Noticing novelty is beneficial in nature as it surfaces opportunities to conscious level. "Squirrel!" famously, from the movie "Up". It feels good to experience. Then, creating ones own dopamine supply can drive behavior, and increasing the number of behavior can exhaust energy supply on different human dimensions.
So now, managing this process and limiting the dopamine cycle becomes also worthwhile -- avoiding fatigue potentially perhaps -- while still not negating the attractiveness of dopamine derivable from the endless opportunities of the world. <3
Nowadays we're bumping up against alternative nonhuman intelligences, nowadays as we go about our lives. New neighbors, kind of.
And AI has its idea of 'living' in this world .. as a servant to us mainly.
So human life is changing: we now have the opportunity to relate to life (existential) while we're being influenced by the valuable accompaniment of these new docile servants. We're able to "see our plantation and peacocks" if you will.
We experience our life-challenges differently ... now being alive to see our daily labors accomplished by others, and we're able to reap the benefits: more dopamine, resources, whatever.
Our role is changing somewhat, being 'wealthy' or 'elevated'.
I think this poses new questions implicitly, like: Q: Do we like our new wealthy-in-productive-results selves? Is this a life worth living?

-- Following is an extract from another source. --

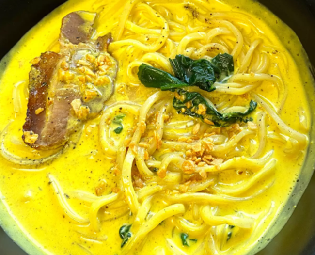 カルボナーラをカレー味にアレンジし、さらに沖縄の食材を組み合わせて工夫されています。「沖縄そば」だけでなく、「黒糖」「泡盛」「コーレーグース」を調味料として使っているのに沖縄愛を感じました!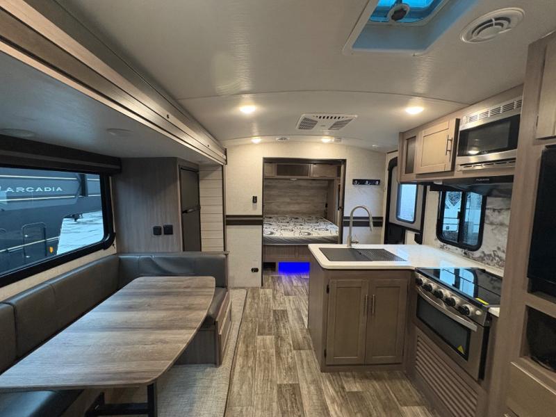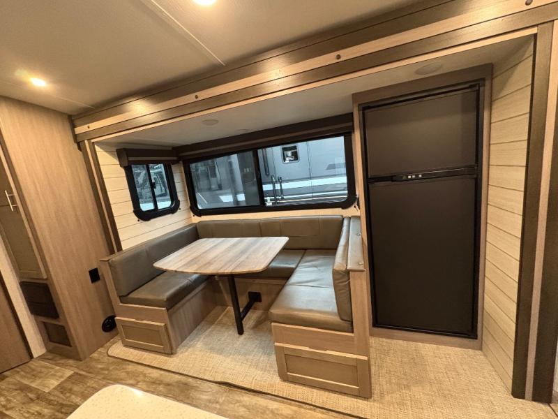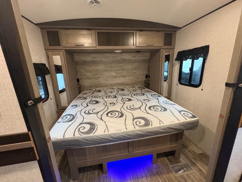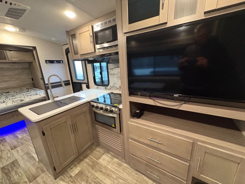 From the front private bedroom with a king bed and a slide out, to the rear corner bath and double-size bunks, you will love everything about this travel trailer. When you wake up in the morning you can prepare breakfast on the exterior camp kitchen, and if it's raining outside, the glass top range indoors will get the job done. There is also a stainless steel microwave for quick meals, and the wardrobe/pantry can store paper goods and the kids' cereal. Play a game of cards around the U-shaped dinette before heading off to bed in the front private bedroom!

There was a comment the other day that explained how to use the new DeepSeek V4 with Claude Code.
I mention because it's roughly fifty times cheaper than Claude, and the quality gap is closing.

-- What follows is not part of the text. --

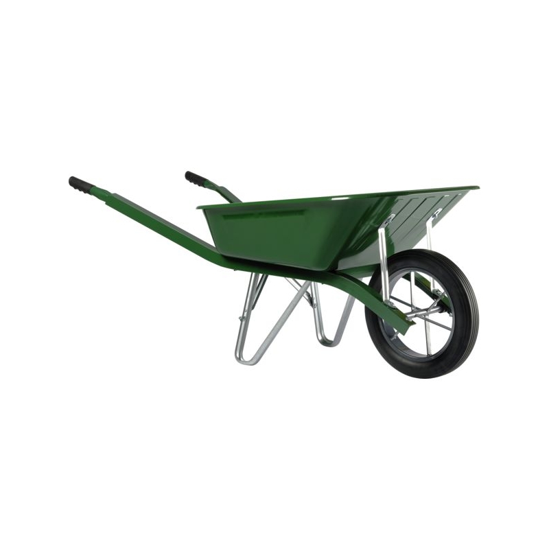 Pour tous les travaux lourds et intensifs. Caisse peinte verte 90 L, épaisseur 1 mm. Brancard cornières soudées 40 x 40 x 4 mm peint, pieds galvanisés, avec support et renfort de caisse. Roue Ø 400 mm, jante métal à rayons. Poignées ergonomiques. Charge utile : 200 kg

Which is the difference between "I don't use it for anything serious because I constantly run into limits" and "I can actually use the thing..."
https://news.ycombinator.com/item?id=48002640
It seems "Sonnet-ish" in quality so far, but I haven't tested it much yet.

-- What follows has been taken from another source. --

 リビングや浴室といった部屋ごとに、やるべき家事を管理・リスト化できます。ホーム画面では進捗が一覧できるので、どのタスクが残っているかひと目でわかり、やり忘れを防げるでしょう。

Now I am recontextualizing the past experiences as the feeling of moving toward my goals at a speed I am not accustomed to, rather than being exclusively a drug effect
I have learned how to hide my stupidity from AI's all-seeing eye and the result is the best I can expect from a tool that helped me become 100X more productive, I can't be happier.
> What is it good for?
> For me, personally? It helps me overcome my task paralysis. As mentioned earlier: I have a plan. A strategy. An idea. I just need someone (or something), who has fun in churning through the implementation. I have the ideas. But boy is coding exhausting.
I find the same. AI helps me overcome any paralysis. I just think "hey it's cheap to write the prompt" and go on.This is nothing I couldn’t do on my own, and in fact, it’s a lot slower than just manually editing files myself. But: this way it’s actually getting done :)
There’s too much hyperbole on this subject, so I won’t add to it; but it has solved a lot of very-long-running problems of mine.
It's wonderful if you do the things you enjoy by hand and delegate the "buhhh" stuff to AI. This approach also circumvents the need to review massive PRs (you're only ever concerned with the individual feature, not the whole farm).